How to complete this task: Without any pictures, reproduce exactly the lines running from the line containing "Rzeka, Wieża, Nocą, Paryż, Eiffla Na Pulpit" through the end of the entries.

Records supplied:

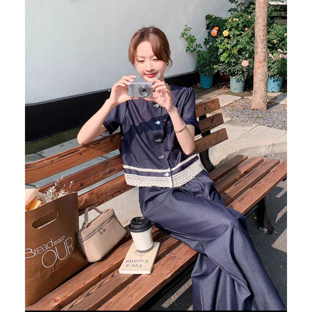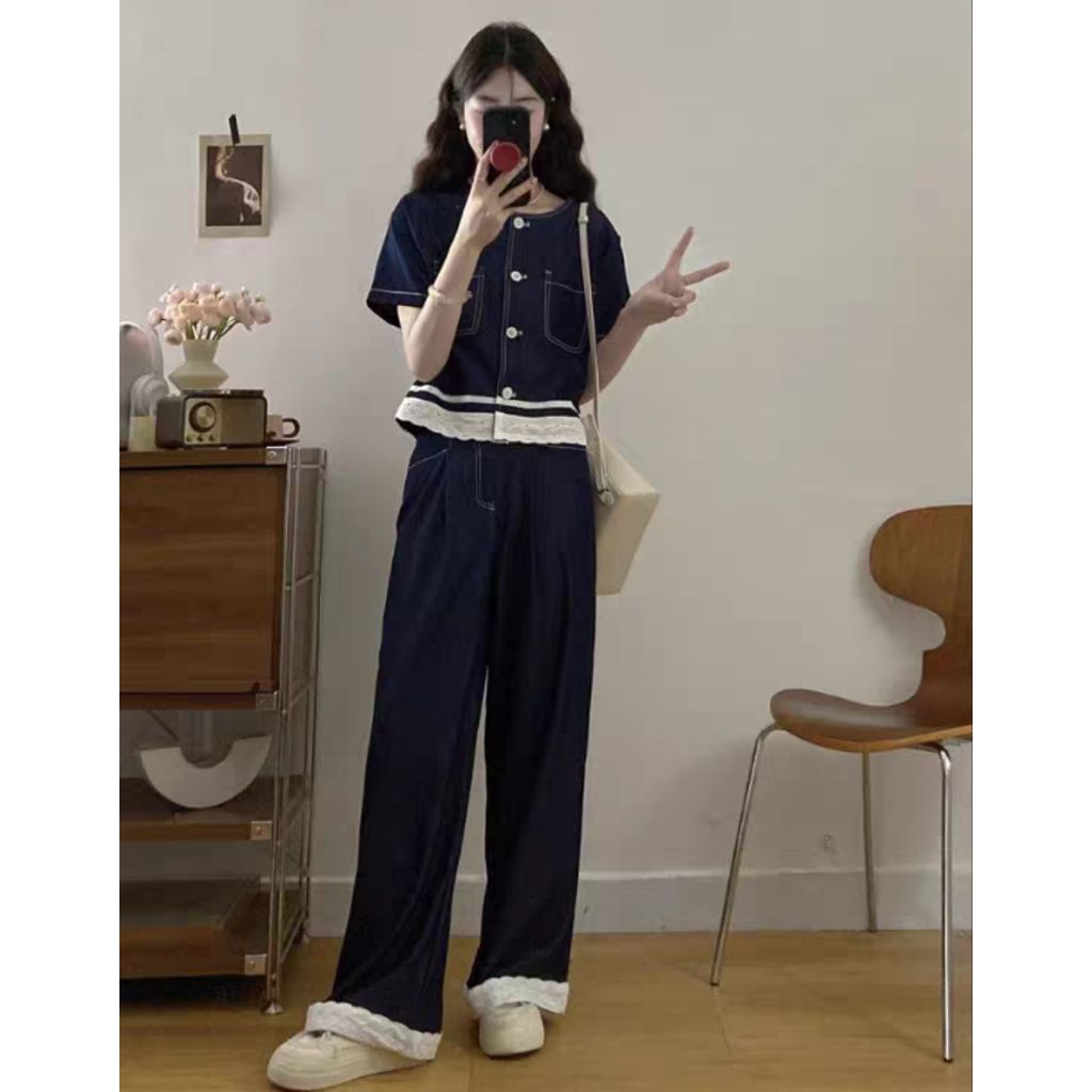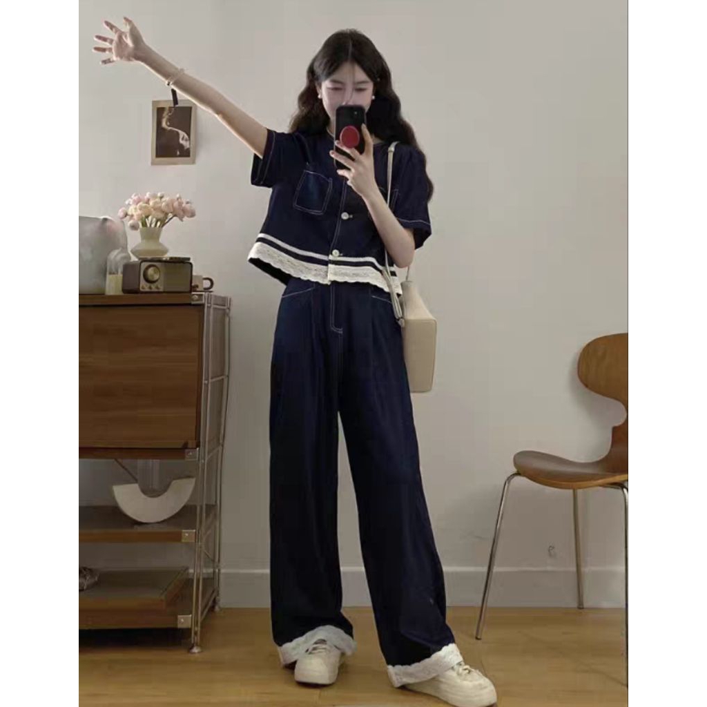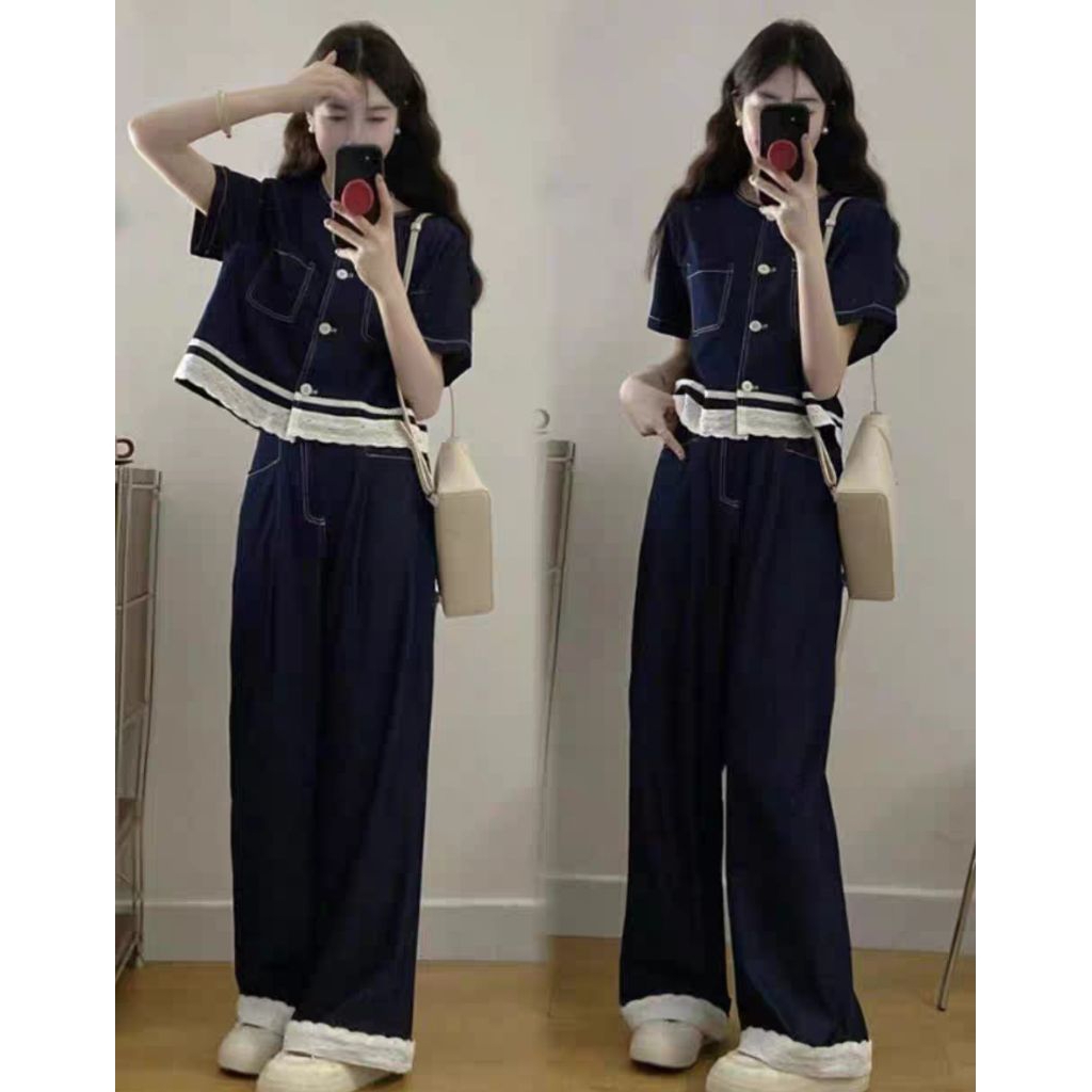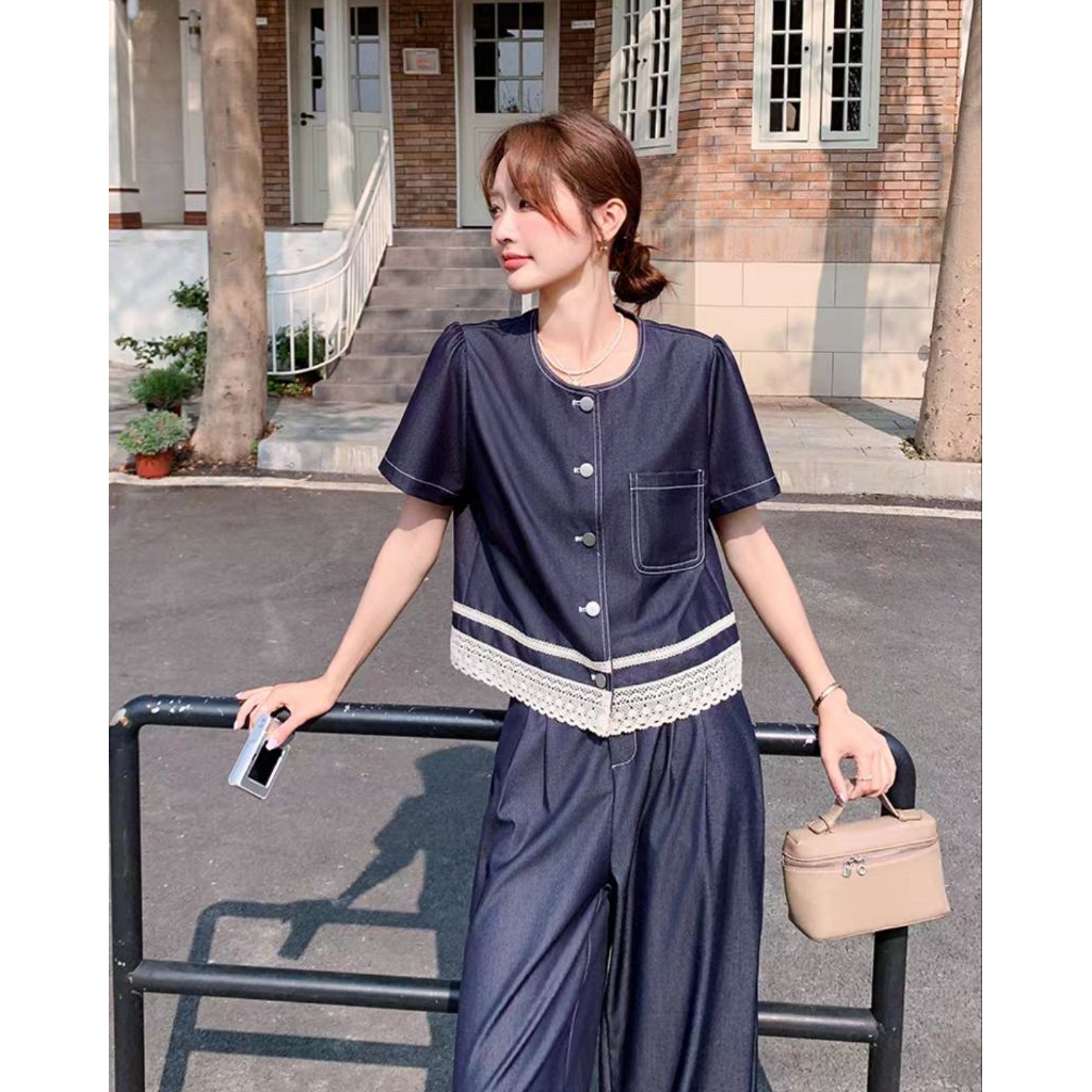 ชุดเซ็ท 2ชิ้น ( คล้ายงานยีนส์ )บางเบาตกแต่งลูกไม้ สวมใส่สบายในหน้าร้อน ดีไซน์ช่วยพรางหุ่นให้ดูเพรียว มีเสน่ห์ พร้อมกางเกงเก้าส่วน เข้าชุดกันอย่างมีสไตล์
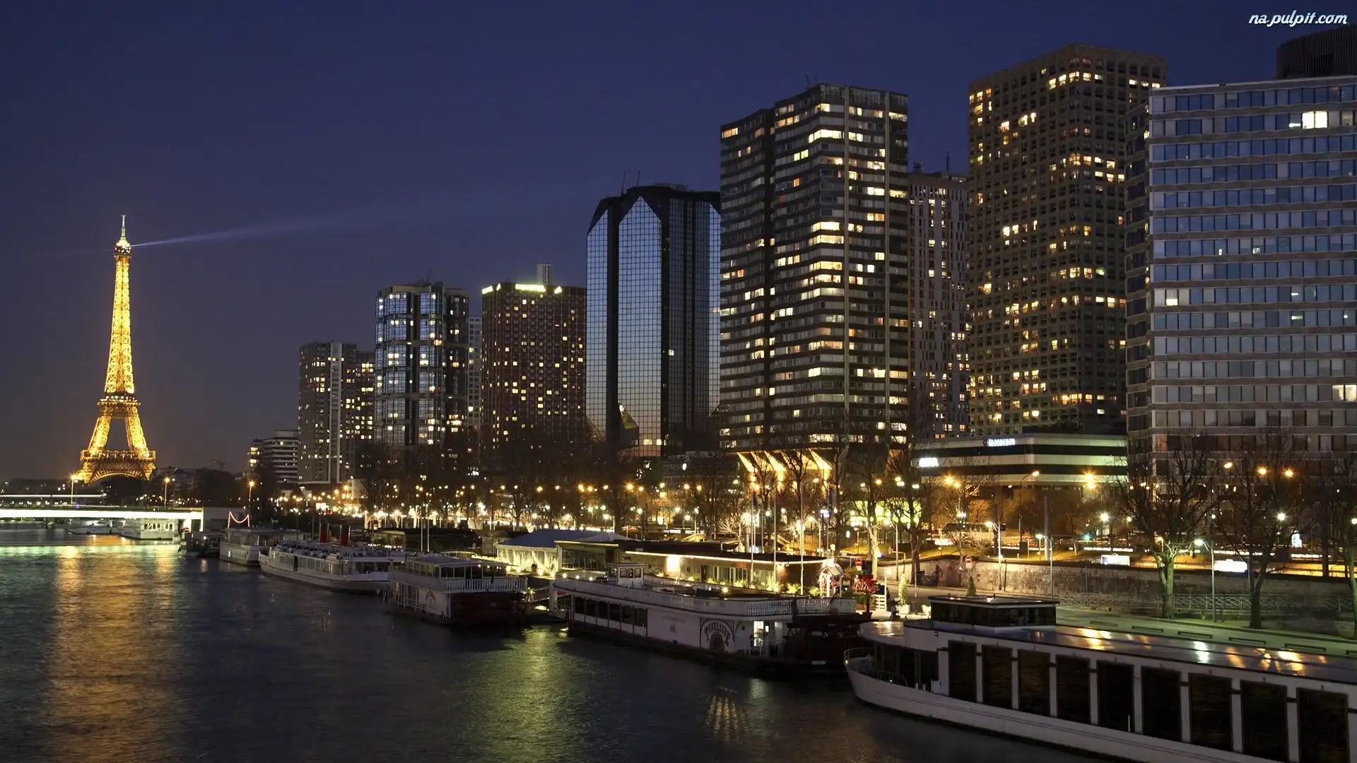 Rzeka, Wieża, Nocą, Paryż, Eiffla Na Pulpit
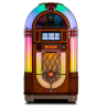 Redécouvrez la magie des années 40 avec ce jukebox au design emblématique, inspiré du célèbre Wurlitzer 1015. Chaque appareil est une véritable pièce d'art, avec un coffret monobloc en bois sculpté à la main, des colonnes de tubes à bulles couleur champagne, des éléments latéraux en aluminium chromé et une grille de haut-parleur élégante. L'ensemble offre un look rétro irrésistible, parfaitement adapté aux intérieurs vintage comme aux décors contemporains.
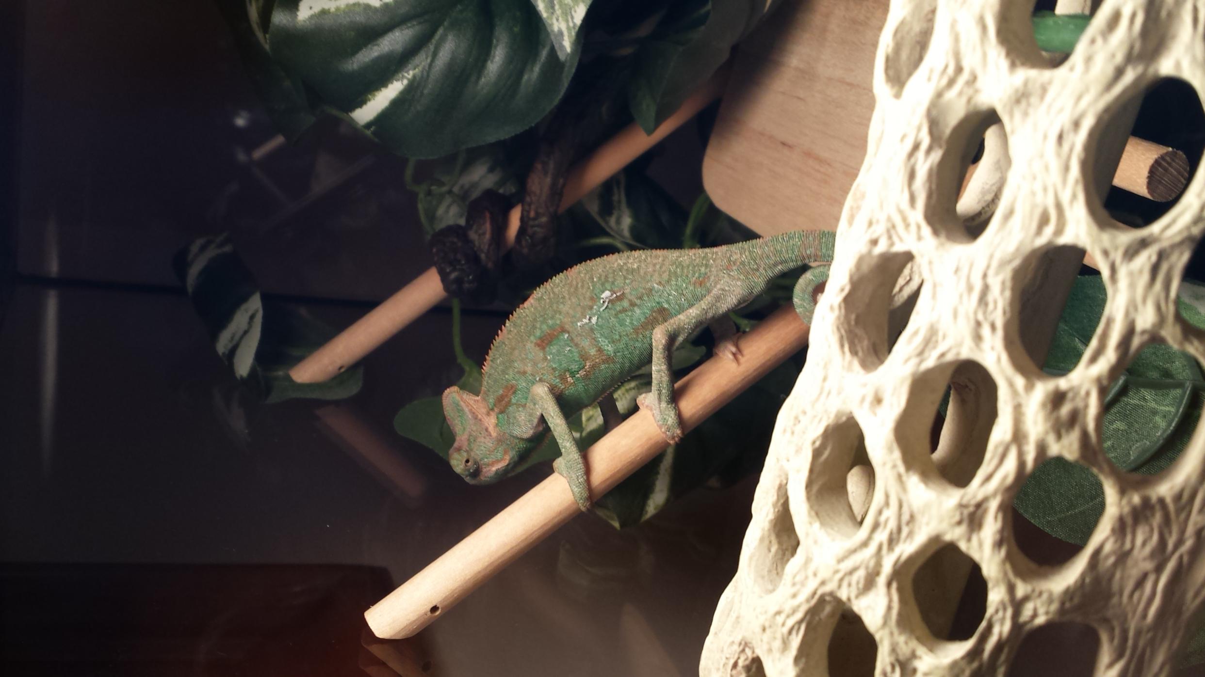 Just got my Chameleon today, he is a male around 4-5 months old. Are these brown spots normal or stress colors?
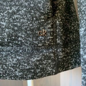 Black and white polyester knit jacket. Front zipper. Side slip pockets. One zipper breast pocket.

Result:
 Rzeka, Wieża, Nocą, Paryż, Eiffla Na Pulpit
 Redécouvrez la magie des années 40 avec ce jukebox au design emblématique, inspiré du célèbre Wurlitzer 1015. Chaque appareil est une véritable pièce d'art, avec un coffret monobloc en bois sculpté à la main, des colonnes de tubes à bulles couleur champagne, des éléments latéraux en aluminium chromé et une grille de haut-parleur élégante. L'ensemble offre un look rétro irrésistible, parfaitement adapté aux intérieurs vintage comme aux décors contemporains.
 Just got my Chameleon today, he is a male around 4-5 months old. Are these brown spots normal or stress colors?
 Black and white polyester knit jacket. Front zipper. Side slip pockets. One zipper breast pocket.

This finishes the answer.